Each public primitive method (Storage.upload, Compute.inference, DA.publish, etc.) is wrapped in a span at runtime. The span:

carries 0gkit.op = "<primitive>.<method>" so collectors can filter for "all 0G calls" with one predicate.
carries 0gkit.network so you can split traces by galileo / aristotle / local.
carries per-op size + cost attributes (0gkit.size_bytes, 0gkit.gas_native, 0gkit.fee_native, …) — enough to build a cost dashboard by aggregating one or two attributes.
records exceptions and sets 0gkit.error_code on failures, so error alerts can route by the SCREAMING_SNAKE codes you already use elsewhere.

Wire-up (one call, two modes)

The package supports two modes — pick the one that matches your existing OTel posture.

Auto SDK setup

You don't have an OTel SDK yet. We lazy-import @opentelemetry/sdk-node and the OTLP exporter, build the SDK, and start it.

import { instrument0g } from "@foundryprotocol/0gkit-observability";

await instrument0g({
  serviceName: "my-app",
  exporter: {
    kind: "otlp",
    endpoint: process.env.OTEL_EXPORTER_OTLP_ENDPOINT!,
    headers: { authorization: `Bearer ${process.env.OTEL_TOKEN!}` },
  },
});

Attach mode

You already have an OTel SDK configured (Vercel auto-instrumentation, @opentelemetry/auto-instrumentations-node, a homegrown SDK). We skip SDK setup and only patch the primitives.

import { instrument0g } from "@foundryprotocol/0gkit-observability";

await instrument0g({ mode: "attach" });

In both modes, instrument0g() is idempotent — calling it twice is a no-op.

Cost attribution playbook

A "cost per feature" dashboard in any collector that supports attribute filtering is one query away:

-- Honeycomb / Tempo / Grafana SQL-flavour pseudo-query
SELECT
  resource.service_name AS service,
  attributes['0gkit.op'] AS op,
  SUM(CAST(attributes['0gkit.fee_native'] AS BIGINT)) AS total_fee_wei
FROM spans
WHERE attributes['0gkit.op'] IS NOT NULL
GROUP BY service, op
ORDER BY total_fee_wei DESC

You'll see something like:

my-app | compute.inference | 4_500_000_000_000_000_000
my-app | storage.upload    |   210_000_000_000_000_000
my-app | da.publish        |    85_000_000_000_000_000

…which translates directly to "compute is 95% of our spend." For per-feature attribution, layer on a custom attribute (feature: "summarize") at the parent-span level via tracer.startActiveSpan(...) in your own code — the 0gkit spans automatically inherit it as part of the trace context.

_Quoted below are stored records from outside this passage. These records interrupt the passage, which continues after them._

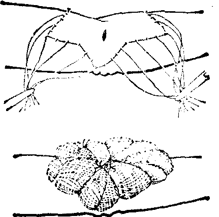 图7 电动切皮机 无论是经手工或机械切取的皮片,如暂时未及使用,应以生理盐水纱布包裹,并放入专用容器内,以防干燥,但不应浸入生理盐水内。 供皮区创面的处置 与在受皮区植皮同样重要,不可忽视。具体处置方法因所取皮片的厚度、种类,以及气候、地区等的差异而有所不同。如全厚皮片切取面积较大,其供皮区创面超出可以直接缝合的限度时,须另取较薄皮片移植闭合。非全厚皮片、点状皮片、筛状皮片等的供皮创面,通常采用单纯或含有抗菌药物的细密油制纱布1~2层覆盖,以保护源于残留腺体及其导管和毛囊等的较脆弱的新生上皮,其外方再施以较厚的松软敷料加压包扎。夏季气候炎热和过于潮湿易发霉的地区,可于术后2~3天将外层敷料除去,只保留紧贴创面的油制纱布,并促其干燥,这称为半开放法。但仍以包扎法最为常用和可靠。 受皮创面的准备 是保证移植皮片顺利成活的重要环节。如何妥善准备或选择适当时机,则视其为无菌或感染创面而定。 新鲜无菌受皮创面的准备要点,在于仔细认真的止血,因术后继发出血形成血肿往往是植皮失败的最常见原因。毛细血管渗血应以压迫法止血为主。断裂的血管应以细白丝线结扎为主,结线所留线头须尽量剪短,以减少异物反应。一般不采用电凝法止血。肾上腺素稀释液压敷也宜慎用。创面内如有不超过1×1cm面积大小的无血区,如失去腱旁组织的肌腱,无骨膜或软骨膜被覆的骨或软骨面,该部皮片仍可由“跨越现象”而成活。如大于此面积时,则须设法利用邻近软组织的有蒂移植移转遮覆后,再行植皮。如裸露面积过大,即非属皮片移植的适应证。新鲜污染创面的准备,除需清创外,其他与无菌创面要求相同。 陈旧感染创面的准备要点,在于培育较好的肉芽创面。为此,须从清除坏死组织,保持引流通畅,勤于更换敷料,控制细菌感染,适当加压包扎,和抬高肢体消除组织水肿等措施入手。至肉芽色泽红润,组织致密平坦,易出血,无水肿,分泌物不多,四周创缘无炎症现象并见有新生上皮出现时,施行皮片移植的条件即告成熟。植皮时,可将肉芽组织削除,如肉芽平薄也可保留。 皮片的移植和固定 是皮片移植术的最后操作步骤,也是保证皮片成活的另一重要环节。受皮创面经过细心充分准备后,移植的皮片又得到稳定可靠的制动,才能使皮片与创面间及时建立血运而成活。移植和固定的方法,因受皮创面的性质和解剖部位等的不同而异。一般以大张皮片移植缝线包压法应用最广,加压包扎法次之。此外,还有不甚常用的内嵌、外嵌、开放、重叠、种子、延期等植皮法。四肢关节等部位植皮,还常需外用石膏绷带制作的托板辅助制动,以使固定更为稳妥。 缝线包压法,又称打包法、包堆法、缝扎法、缝合压力敷料法等。普遍用于无菌或污染创面的大片整张植皮,感染创面通过精心准备,培育出良好的肉芽组织后,如行大张皮片移植时也可采用。其法,为将皮片与受皮创缘相缝合时,每隔数针留长线一条备用。移植全厚皮片,须注意按样型所示形状方位与受皮创面准确对合。移植非全厚皮片,注意随创面形状和创缘走向适当剪裁,以保持皮片松紧适度接近其原来的张力,和与受皮创面自然地密切贴合。如创面凸凹不平,为避免凹处皮片漂浮,应加用贯穿皮片并缝连基底创面组织下垫小团纱布结扎的绷线缝合。绷线缝合还于需要加强制动或减少包压敷料的厚度时用之。缝合毕,细心排除皮片下的积血或气泡,必要时尚可在皮片上刺穿多数小孔以利引流。然后用以生理盐水浸过的大网眼细纱布蓬松均匀地堆置于皮片上,注意妥贴填实。最后将缝合创缘时所留长线互相对应结扎(图8)。缝线包压法可以保持皮片与受皮创面间稳定而密切的接触,其外方再覆以多层纱布或棉垫加压缠扎。
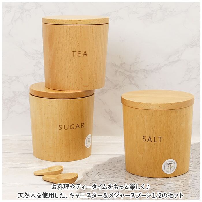 キャニスター メジャースプーン1/2 セット 通販 保存容器 250ml 砂糖 塩 コーヒー ティー 無地 調味料入れ ストッカー 容器 木製 入れ物 食器 使いやすい おしゃれ 台所用品 キッチン用品 雑貨 蓋付き
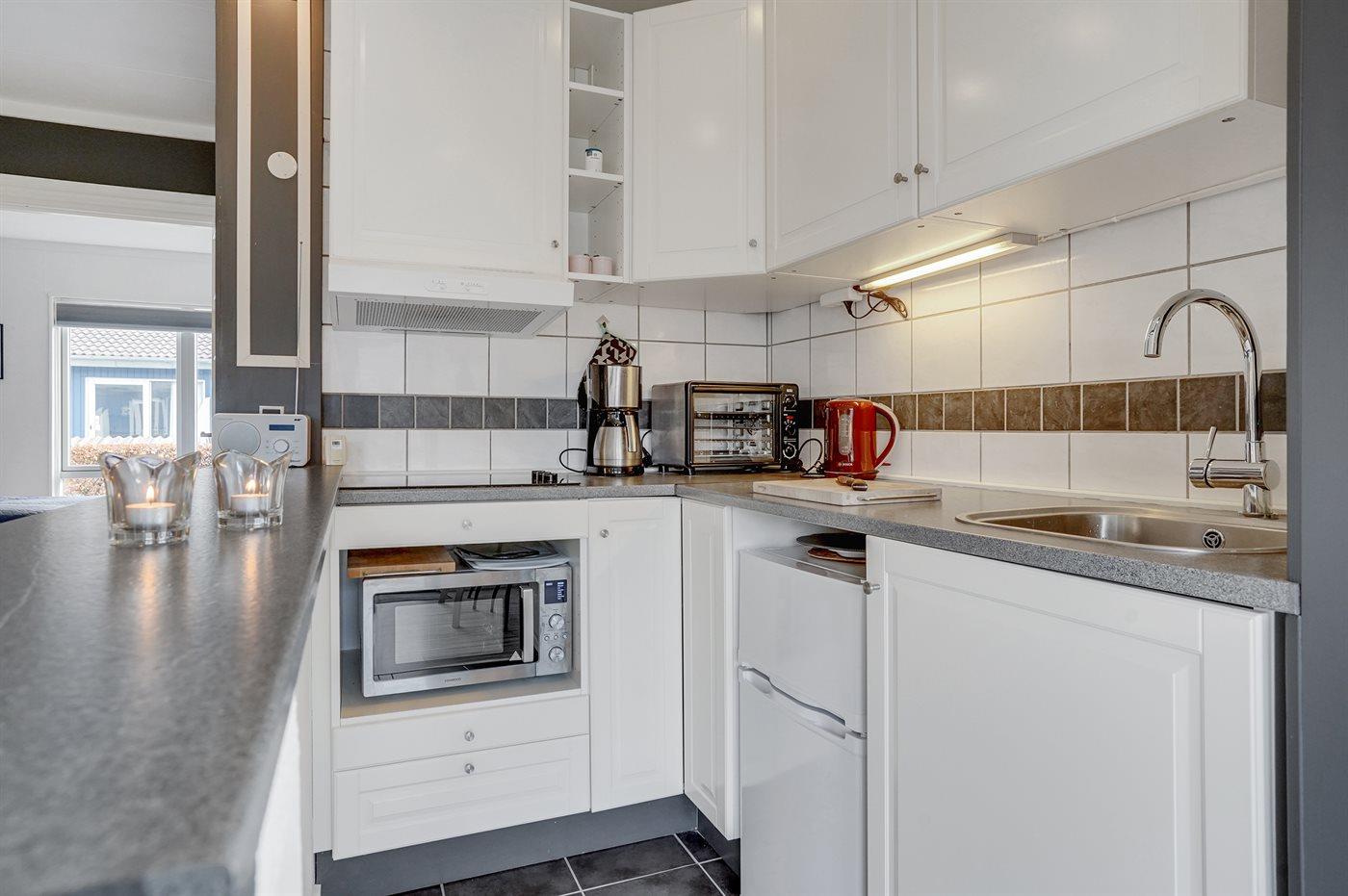 Die Küche ist mit 2 Kühlschränke ausgestattet . Tiefkühlmöglichkeit mit 15 Liter Nutzinhalt. Außerdem gibt es 3 Keramik-Kochfelder, Minibackofen, Mikrowelle.
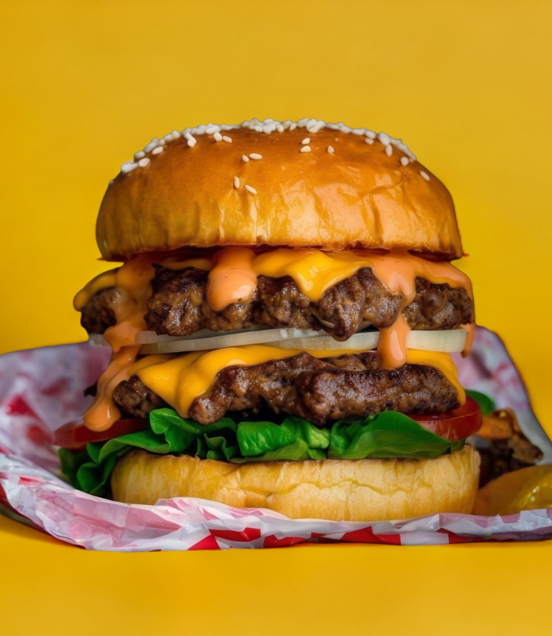 Doble carne de hamburguesa, jamón, tocino, queso manchego, jitomate, cebolla y lechuga.
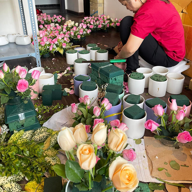 – Nếu là hoa cắm Xốp hay MUD hoa: Ngoài xử lý hoa trong nước cắm hoa (ít nhất 4h) + Nhúng Xốp hoa vào thuốc cho thấm ướt. Sau cùng trang trí Hoa vào Xốp (đều có xử lý thuốc dưỡng hoa rồi)
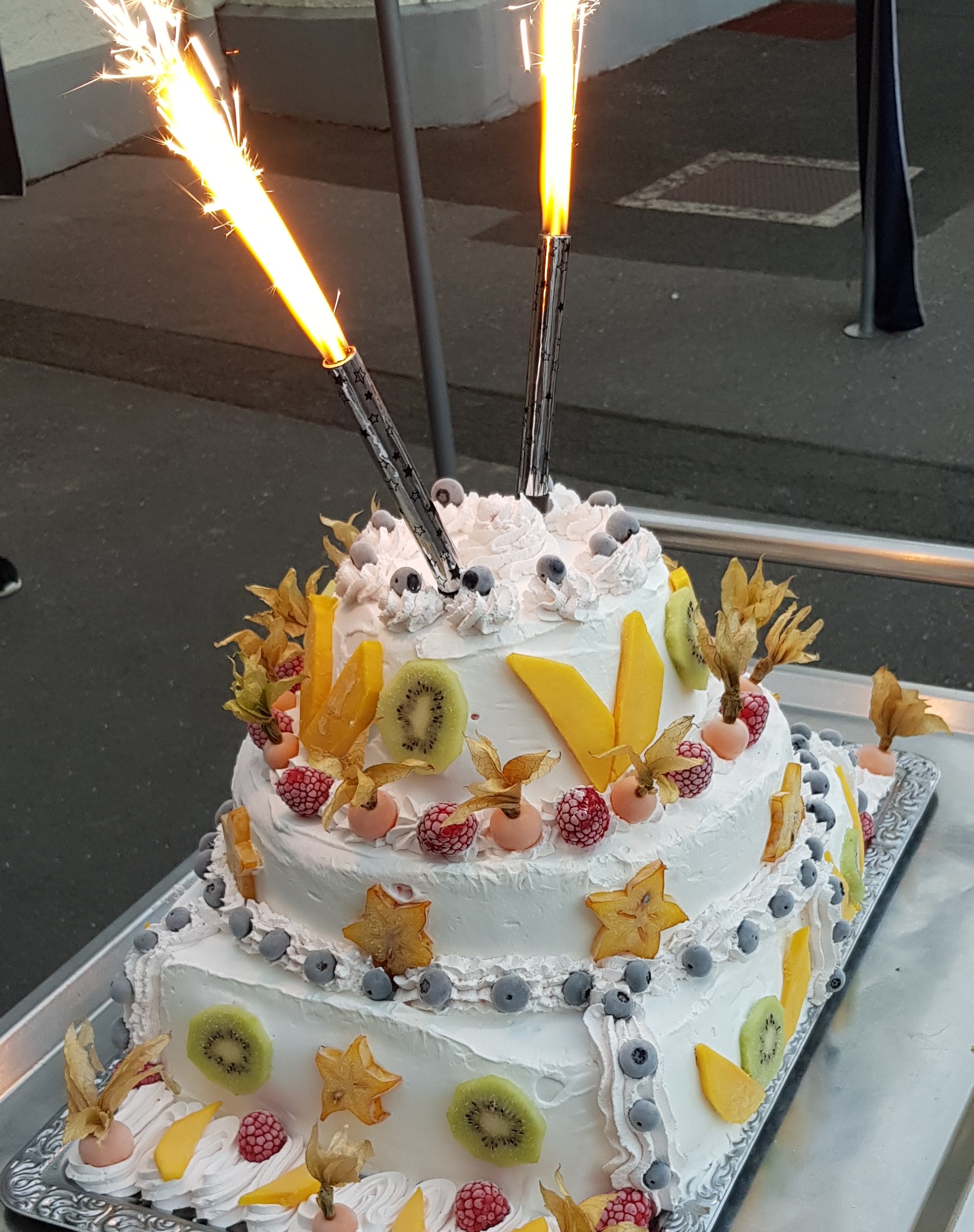 Das Highlight zum Dessert waren Obstsalat und eine köstliche Eistorte, die feierlich serviert wurde. Hierfür geht ein großer Dank an unseren Küchenchef Erhard Ibig, der die Eistorte selbst hergestellt hat.

Delivery & failure semantics

Wrapping a method preserves its original semantics. If the method throws, we record the exception, set 0gkit.error_code if available, and re-throw — your error handling continues to work.
We never swallow errors. If your handler fails for any reason, the span ends with status: ERROR and the throw propagates.
Span end is in a finally-equivalent: success or failure both close the span, so we never leak open spans on long-running runtimes.

Bundle budget

The public entry is ≤ 20 KB gzipped (currently ~2.2 KB). @opentelemetry/api is externalised; the SDK + exporter peers are lazy-imported only when mode: "auto" triggers SDK setup. So an "attach"-only app with its own SDK pays just the 2 KB cost of the wrapping logic + attribute mappers.